A independência do Cazaquistão após o colapso da URSS aconteceu no mesmo período que nas outras 14 repúblicas da ex-União Soviética. A especificidade do nosso processo foi que nós fomos os últimos a sair da URSS, pois o nosso presidente insistiu em algum tipo de ligação, queria manter uma espécie de comunidade entre os países independentes da antiga união, aquilo a que chamámos um "divórcio civilizado". Portanto, não queria cortar todos os laços entre nós - a economia do Cazaquistão estava muito integrada com a dos vizinhos e, assim, qualquer corte de comunicação significaria que a nossa economia iria colapsar. Foi por isso que Nursultan Nazarbayev propôs alguma espécie de unidade ou comunidade.
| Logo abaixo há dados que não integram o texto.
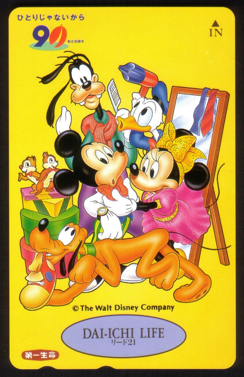 This card commemorates Disney characters including Mickey, Minnie, Goofy, Donald Duck, Pluto, Chip, and Dale. It highlights a cheerful, dynamic group scene set against a solid, bright background, emphasizing the collaborations involved with Dai-Ichi Life and Disney in Japan.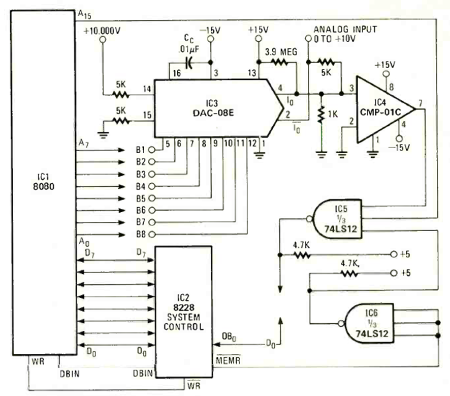 The figure shows how to use an 8080 in a digital to analog converter. The circuit is from a Radio Electronics from February 1978. The other components are from that time, except for the TTL.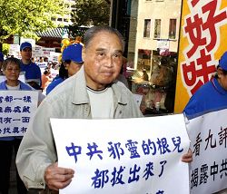 Après le rassemblement, les participants ont défilé. Le défilé est allé dans les rues principales, attirant l’attention de nombreux passants. Certains d’entre eux ont prit des photos de la manifestation, certains ont demandé à en savoir plus, et certains se sont mis à lire les dépliants révélant les violations des droits de l’homme du PCC dès qu’ils les ont pris. Certains badauds Chinois sont allés dire aux manifestants « Très bien ! Vous faites de mieux en mieux. »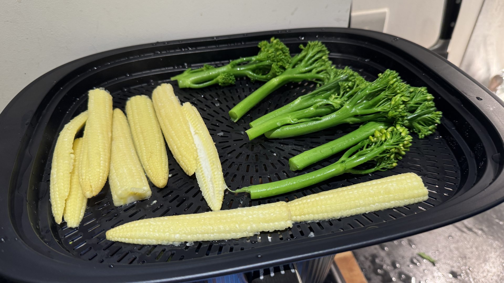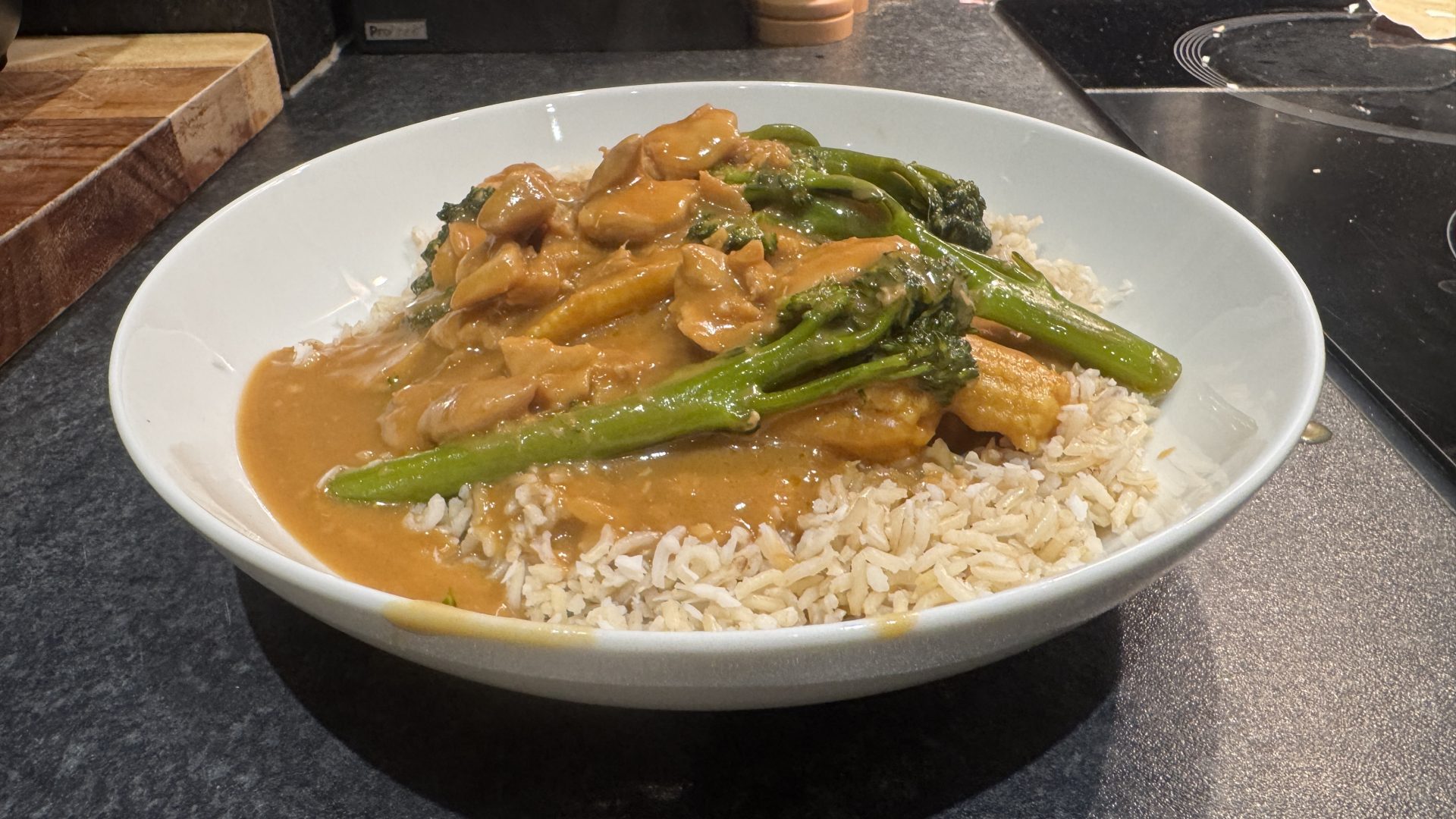 Тем не менее мне понравилось, что на следующем этапе рис готовится в основной чаше, а курица и овощи — в паровом лотке сверху. В итоге курица получилась нежной, рис — идеально приготовленным, а арахисовый соус — вкусным.

Devido a essa proposta e maioritariamente por insistência do presidente Nazarbayev, nós temos a CEI, a Comunidade dos Estados Independentes. Hoje pode ser vista como uma união pouco evidente de países, mas nos anos de 1990 foi muito importante ter uma plataforma para o diálogo, mesmo que apenas para criar comunicações comerciais entre os países, até para os cidadãos desses novos países viajarem entre estes, com as questões dos vistos e das fronteiras. Foi assim que a CEI foi criada sob proposta do nosso primeiro presidente, para mantermos algo em comum, pois quando a União Soviética começou a colapsar, todos os países queriam ter o máximo de independência, queriam quebrar todos os laços que os ligavam ao período soviético.
Outra especificidade do Cazaquistão, é que Nazarbayev era o líder da República Socialista Soviética e ficou, quase três décadas, como presidente do Cazaquistão independente. Foi uma fórmula que permitiu uma transição mais pacífica?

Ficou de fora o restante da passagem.